▶ [Task description]
Pictures in the listing should not be copied. Reproduce, word for word, each line from the one holding "Chata s verandou" through the final line.
##### Information provided #####
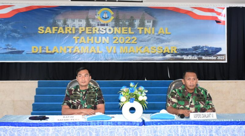 Makassar, Seluruh prajurit dan Pegawai Negeri Sipil (PNS) Pangkalan Utama TNI AL VI (Lantamal VI) menerima pengarahan personel oleh Tim Safari Personel dari Markas Besar TNI AL (Mabesal), bertempat di gedung Hasanuddin Markas Komando (Mako) Lantamal VI, Selasa (08/11/2022).
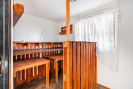 Chata s verandou má dvě místnosti - hlavní prostor je ideální pro odpočinek a přespání, menší místnost lze využít pro osazení kuchyňské linky a nachází se zde také vstup do sklepa.
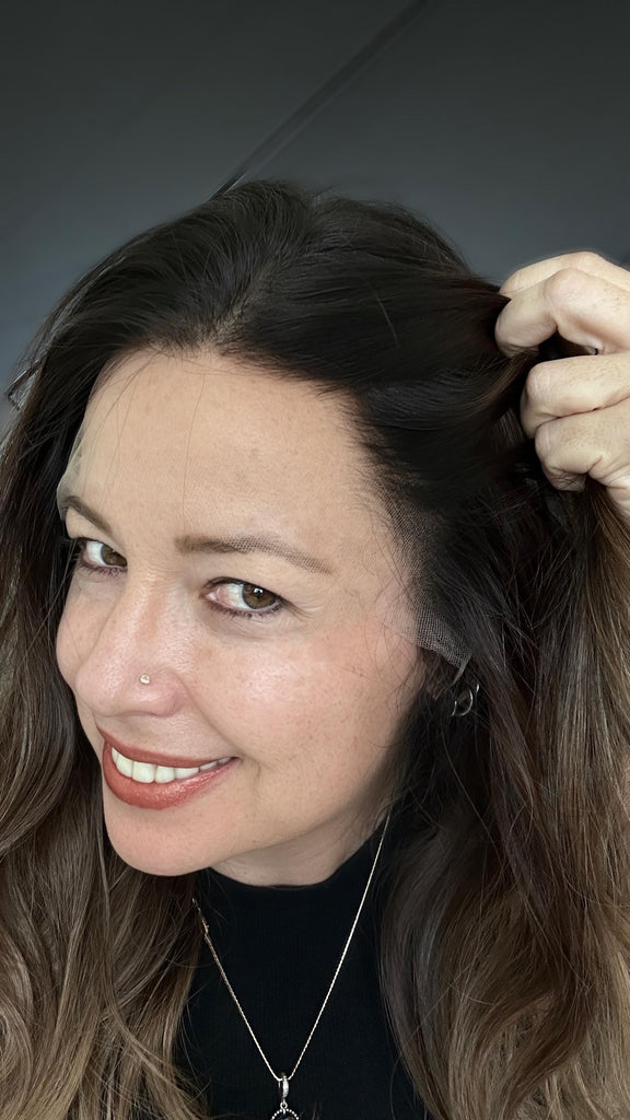 This color features a rich brunette base with soft, hand-painted caramel highlights, adding dimension and warmth for a modern, sun-kissed look.
#####
▶ [Response]
 Chata s verandou má dvě místnosti - hlavní prostor je ideální pro odpočinek a přespání, menší místnost lze využít pro osazení kuchyňské linky a nachází se zde také vstup do sklepa.
 This color features a rich brunette base with soft, hand-painted caramel highlights, adding dimension and warmth for a modern, sun-kissed look.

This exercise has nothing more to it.